:: Supplied information
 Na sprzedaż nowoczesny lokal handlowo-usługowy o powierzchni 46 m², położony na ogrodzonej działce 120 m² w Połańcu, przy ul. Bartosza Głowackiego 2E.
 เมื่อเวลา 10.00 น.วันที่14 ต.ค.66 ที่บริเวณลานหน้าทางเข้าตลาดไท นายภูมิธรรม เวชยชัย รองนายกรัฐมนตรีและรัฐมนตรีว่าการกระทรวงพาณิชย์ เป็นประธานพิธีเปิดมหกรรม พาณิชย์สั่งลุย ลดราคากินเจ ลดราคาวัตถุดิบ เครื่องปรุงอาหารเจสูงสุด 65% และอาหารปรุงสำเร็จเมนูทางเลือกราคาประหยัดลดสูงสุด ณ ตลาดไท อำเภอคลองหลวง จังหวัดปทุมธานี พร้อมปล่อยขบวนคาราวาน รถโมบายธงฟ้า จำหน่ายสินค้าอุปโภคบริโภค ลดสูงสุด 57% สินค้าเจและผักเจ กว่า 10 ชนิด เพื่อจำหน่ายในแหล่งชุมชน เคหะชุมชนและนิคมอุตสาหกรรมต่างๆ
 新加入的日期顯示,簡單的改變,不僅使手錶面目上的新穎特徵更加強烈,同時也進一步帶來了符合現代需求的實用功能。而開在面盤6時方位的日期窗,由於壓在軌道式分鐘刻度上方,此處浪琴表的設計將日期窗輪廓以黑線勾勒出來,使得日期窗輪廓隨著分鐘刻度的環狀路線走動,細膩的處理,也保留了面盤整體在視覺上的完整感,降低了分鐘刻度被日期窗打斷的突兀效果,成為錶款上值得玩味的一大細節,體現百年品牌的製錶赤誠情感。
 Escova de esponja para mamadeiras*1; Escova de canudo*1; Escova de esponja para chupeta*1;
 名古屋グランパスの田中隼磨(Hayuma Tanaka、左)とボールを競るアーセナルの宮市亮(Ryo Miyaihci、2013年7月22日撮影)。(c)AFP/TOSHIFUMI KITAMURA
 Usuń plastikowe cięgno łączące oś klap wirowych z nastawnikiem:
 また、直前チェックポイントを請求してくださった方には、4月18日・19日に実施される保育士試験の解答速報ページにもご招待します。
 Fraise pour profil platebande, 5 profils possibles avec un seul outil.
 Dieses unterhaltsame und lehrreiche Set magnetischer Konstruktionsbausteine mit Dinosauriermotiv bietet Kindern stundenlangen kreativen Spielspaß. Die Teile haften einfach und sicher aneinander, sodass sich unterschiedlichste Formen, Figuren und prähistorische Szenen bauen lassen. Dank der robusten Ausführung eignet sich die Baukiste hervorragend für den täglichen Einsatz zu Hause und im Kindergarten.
::::
:: Supplied information
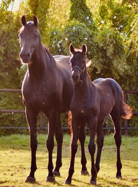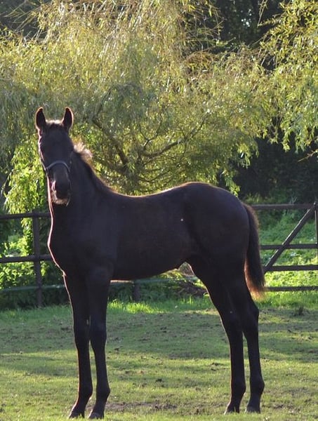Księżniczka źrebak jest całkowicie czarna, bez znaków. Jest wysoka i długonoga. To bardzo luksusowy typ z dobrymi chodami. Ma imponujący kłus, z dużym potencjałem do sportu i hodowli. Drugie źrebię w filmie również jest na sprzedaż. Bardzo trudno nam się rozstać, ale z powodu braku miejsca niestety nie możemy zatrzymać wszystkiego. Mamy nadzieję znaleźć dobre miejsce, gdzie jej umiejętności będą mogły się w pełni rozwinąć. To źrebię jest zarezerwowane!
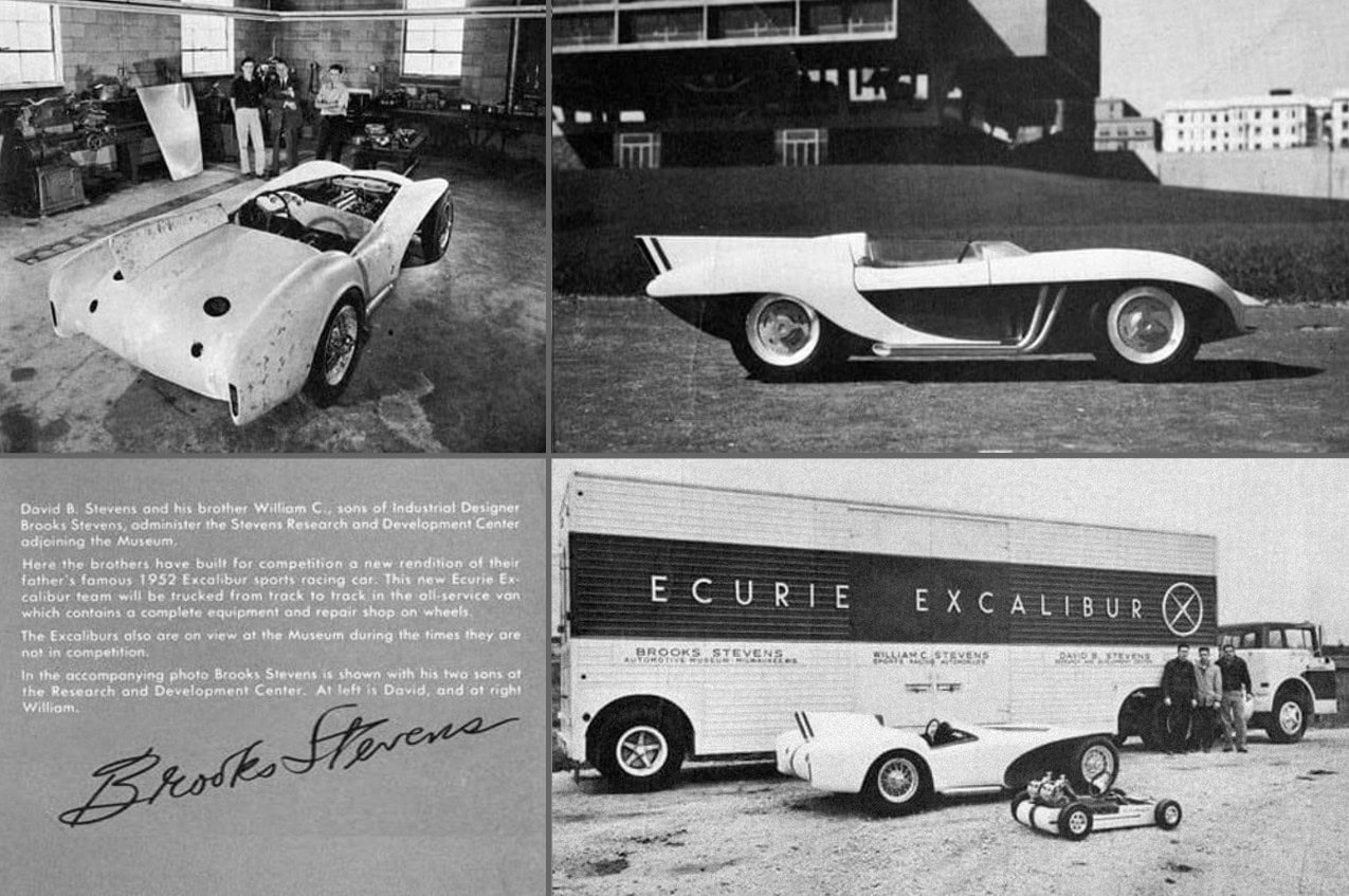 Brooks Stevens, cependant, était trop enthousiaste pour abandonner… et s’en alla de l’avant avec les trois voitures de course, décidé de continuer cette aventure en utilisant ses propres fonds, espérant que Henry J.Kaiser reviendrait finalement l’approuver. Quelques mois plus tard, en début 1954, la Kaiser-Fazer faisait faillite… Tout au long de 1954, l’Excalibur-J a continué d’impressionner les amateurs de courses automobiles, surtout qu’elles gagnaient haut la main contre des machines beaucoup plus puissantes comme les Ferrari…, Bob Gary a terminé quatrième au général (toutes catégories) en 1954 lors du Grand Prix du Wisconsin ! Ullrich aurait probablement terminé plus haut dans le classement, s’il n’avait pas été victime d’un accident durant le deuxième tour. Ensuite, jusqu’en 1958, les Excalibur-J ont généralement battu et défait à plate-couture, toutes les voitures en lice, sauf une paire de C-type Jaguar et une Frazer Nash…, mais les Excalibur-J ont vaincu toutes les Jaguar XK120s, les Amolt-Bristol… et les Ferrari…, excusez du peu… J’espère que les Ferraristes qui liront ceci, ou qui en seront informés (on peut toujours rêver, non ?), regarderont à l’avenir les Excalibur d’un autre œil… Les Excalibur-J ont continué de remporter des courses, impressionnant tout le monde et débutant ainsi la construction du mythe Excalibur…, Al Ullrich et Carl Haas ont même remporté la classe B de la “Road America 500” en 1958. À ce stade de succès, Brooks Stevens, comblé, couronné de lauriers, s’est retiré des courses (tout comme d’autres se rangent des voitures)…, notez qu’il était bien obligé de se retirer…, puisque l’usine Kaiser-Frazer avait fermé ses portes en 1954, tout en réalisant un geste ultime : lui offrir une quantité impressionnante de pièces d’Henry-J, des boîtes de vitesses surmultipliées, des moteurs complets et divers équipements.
::::
:: Supplied information
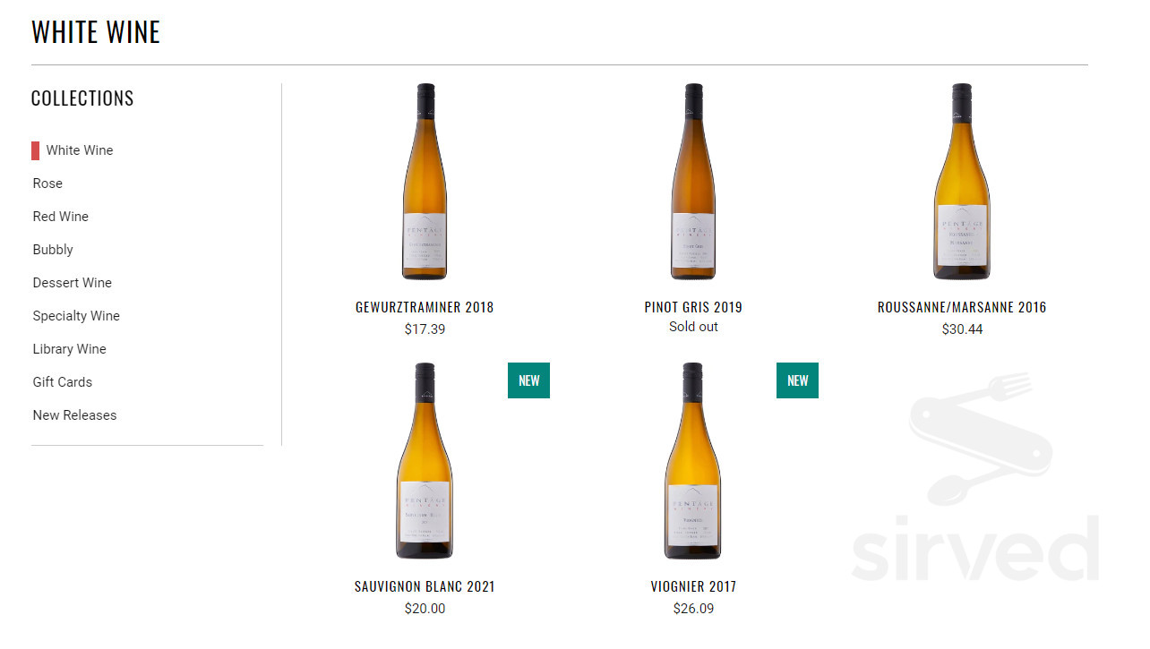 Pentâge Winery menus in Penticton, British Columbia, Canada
::::
## The task
Reproduce, exactly as they stand in the data above, the lines from the one that holds "新加入的日期顯示,簡單的改變" to the one that holds "Dieses unterhaltsame und", inclusive.

## Response
 新加入的日期顯示,簡單的改變,不僅使手錶面目上的新穎特徵更加強烈,同時也進一步帶來了符合現代需求的實用功能。而開在面盤6時方位的日期窗,由於壓在軌道式分鐘刻度上方,此處浪琴表的設計將日期窗輪廓以黑線勾勒出來,使得日期窗輪廓隨著分鐘刻度的環狀路線走動,細膩的處理,也保留了面盤整體在視覺上的完整感,降低了分鐘刻度被日期窗打斷的突兀效果,成為錶款上值得玩味的一大細節,體現百年品牌的製錶赤誠情感。
 Escova de esponja para mamadeiras*1; Escova de canudo*1; Escova de esponja para chupeta*1;
 名古屋グランパスの田中隼磨(Hayuma Tanaka、左)とボールを競るアーセナルの宮市亮(Ryo Miyaihci、2013年7月22日撮影)。(c)AFP/TOSHIFUMI KITAMURA
 Usuń plastikowe cięgno łączące oś klap wirowych z nastawnikiem:
 また、直前チェックポイントを請求してくださった方には、4月18日・19日に実施される保育士試験の解答速報ページにもご招待します。
 Fraise pour profil platebande, 5 profils possibles avec un seul outil.
 Dieses unterhaltsame und lehrreiche Set magnetischer Konstruktionsbausteine mit Dinosauriermotiv bietet Kindern stundenlangen kreativen Spielspaß. Die Teile haften einfach und sicher aneinander, sodass sich unterschiedlichste Formen, Figuren und prähistorische Szenen bauen lassen. Dank der robusten Ausführung eignet sich die Baukiste hervorragend für den täglichen Einsatz zu Hause und im Kindergarten.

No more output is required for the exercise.